Sont toutefois exclus l’enfant, le père, la mère, la personne à charge ou le conjoint qui sont inculpés ou ont été déclarés coupables de la commission de l’acte criminel. («victim») 1995, chap. 6, art. 1; 1999, chap. 6, par. 65 (1) et (2); 2005, chap. 5, par. 72 (1) et (2).

Principes
Les principes suivants s’appliquent au traitement des victimes d’actes criminels :

  1. Les victimes doivent être traitées avec courtoisie, avec compassion et dans le respect de leur dignité et de leur vie privée par les fonctionnaires du système judiciaire.
  2. Les victimes doivent avoir accès aux renseignements relatifs à ce qui suit :
    • les services et les recours mis à la disposition des victimes d’actes criminels,
    • les dispositions de la présente loi et de la Loi sur l’indemnisation des victimes d’actes criminels qui peuvent les aider,
    • la protection qui leur est offerte pour empêcher toute intimidation illicite,
    • l’état d’avancement des enquêtes se rapportant à l’acte criminel,
    • les accusations portées à l’égard de l’acte criminel et, en l’absence d’accusations, les motifs pour lesquels aucune accusation n’est portée,
    • le rôle de la victime dans la poursuite,
    •  les procédures judiciaires qui se rapportent à la poursuite,
    • les dates et les lieux où se déroulent des étapes importantes de la poursuite,
    • l’issue des instances importantes, y compris les instances en appel,
    • les dispositions préparatoires au procès qui sont prises à l’égard d’un plaidoyer pouvant être inscrit par le prévenu au procès,
    • la mise en liberté provisoire du prévenu et, en cas de déclaration de culpabilité, le prononcé de la sentence,
    • les décisions rendues aux termes de l’article 672.54 ou 672.58 du Code criminel (Canada) à l’égard d’un accusé qui fait l’objet d’un verdict d’inaptitude à subir son procès ou d’un verdict de non-responsabilité criminelle pour cause de troubles mentaux,
    • le droit que leur confère le Code criminel (Canada) de présenter des observations au tribunal au moyen d’une déclaration de la victime.

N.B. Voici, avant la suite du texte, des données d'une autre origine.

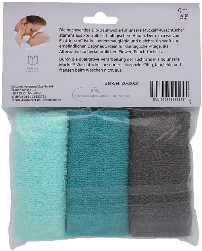 Unsere neuen Bio-Waschtücher werden aus hochwertiger Bio-Baumwolle aus kontrolliert biologischem Anbau hergestellt. Der extra weiche Frottierstoff ist besonders saugfähig und gleichzeitig sanft zur empfindlichen Babyhaut. Ideal für die tägliche Pflege, als Alternative zu herkömmlichen Einweg-Feuchttüchern. Durch die qualitative Verarbeitung der Tuchränder sind unsere Muckel®-Waschtücher besonders strapazierfähig, langlebig und fransen beim Waschen nicht aus.
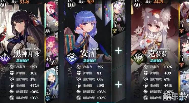 因为灼烧命中率非常丢人,所以能降抗能加效果命中的卡萝琳是最优选,以上三人需要绑在一起。
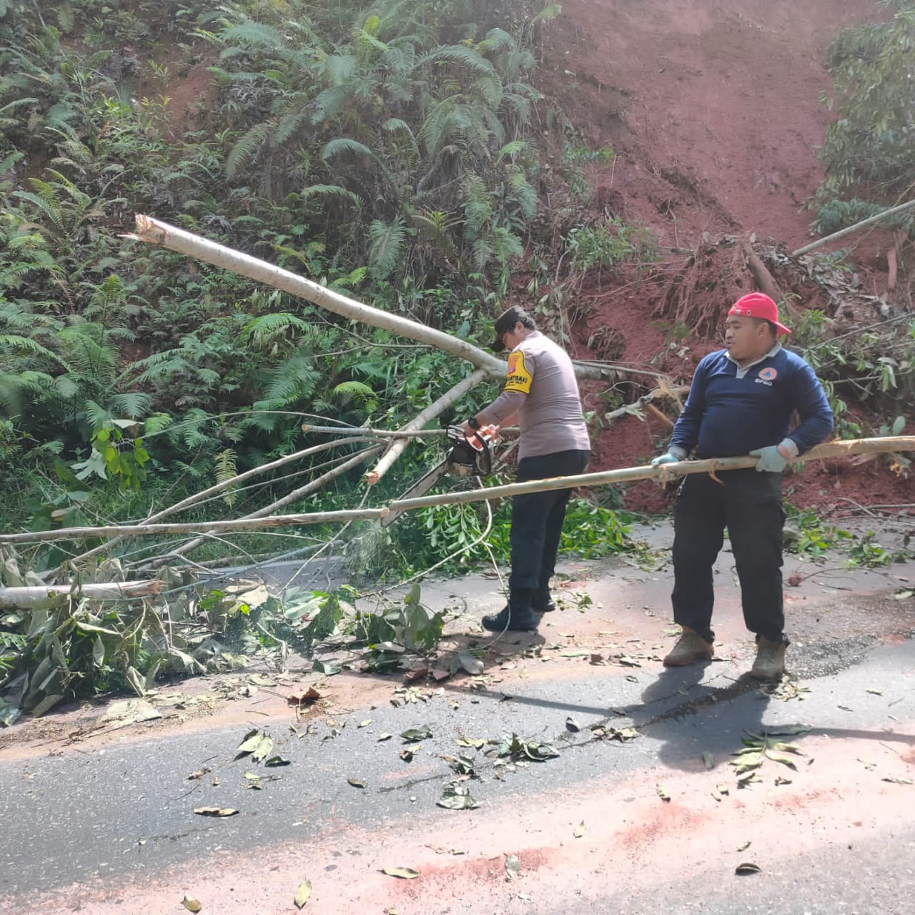 Polres Berau – Personel Polsek Kelay bersama Badan Penanggulangan Bencana Daerah (BPBD) Kecamatan Kelay melakukan aksi cepat tanggap dengan membersihkan pohon tumbang yang menghalangi akses jalan di KM 102 Jalan Poros Berau–Samarinda, Kecamatan Kelay, Kabupaten Berau, pada Senin, 5 Mei 2025 pukul 10.00 WITA.

  3. Les victimes d’un acte criminel prescrit doivent être avisées, si elles en font la demande, de ce qui suit :
    • la mise en liberté imminente de la personne déclarée coupable ou toute requête visant à obtenir sa mise en liberté, notamment en vertu d’une permission de sortir accordée conformément à un programme d’absence temporaire, d’une libération conditionnelle ou d’un laissez-passer d’absence temporaire sans escorte,
    • l’évasion de la personne déclarée coupable.
  4. Si la personne accusée d’un acte criminel prescrit fait l’objet d’un verdict d’inaptitude à subir son procès ou d’un verdict de non-responsabilité criminelle pour cause de troubles mentaux, les victimes doivent être avisées, si elles en font la demande, de ce qui suit :
    • toute audience que tient à l’égard de l’accusé la commission d’examen constituée ou désignée pour l’Ontario conformément au paragraphe 672.38 (1) du Code criminel (Canada),
    • l’ordonnance de la commission d’examen prescrivant l’absolution inconditionnelle ou sous condition de l’accusé,
    • l’évasion de l’accusé.
  5. Les victimes d’agressions sexuelles, si elles en font la demande, ne doivent être interrogées au cours de l’enquête sur l’acte criminel que par des agents de police et des fonctionnaires du même sexe qu’elles.
  6. Les biens de la victime qui sont sous la garde de fonctionnaires du système judiciaire doivent lui être restitués promptement lorsqu’il n’est plus nécessaire de les garder aux fins du système judiciaire. 1995, chap. 6, par. 2 (1).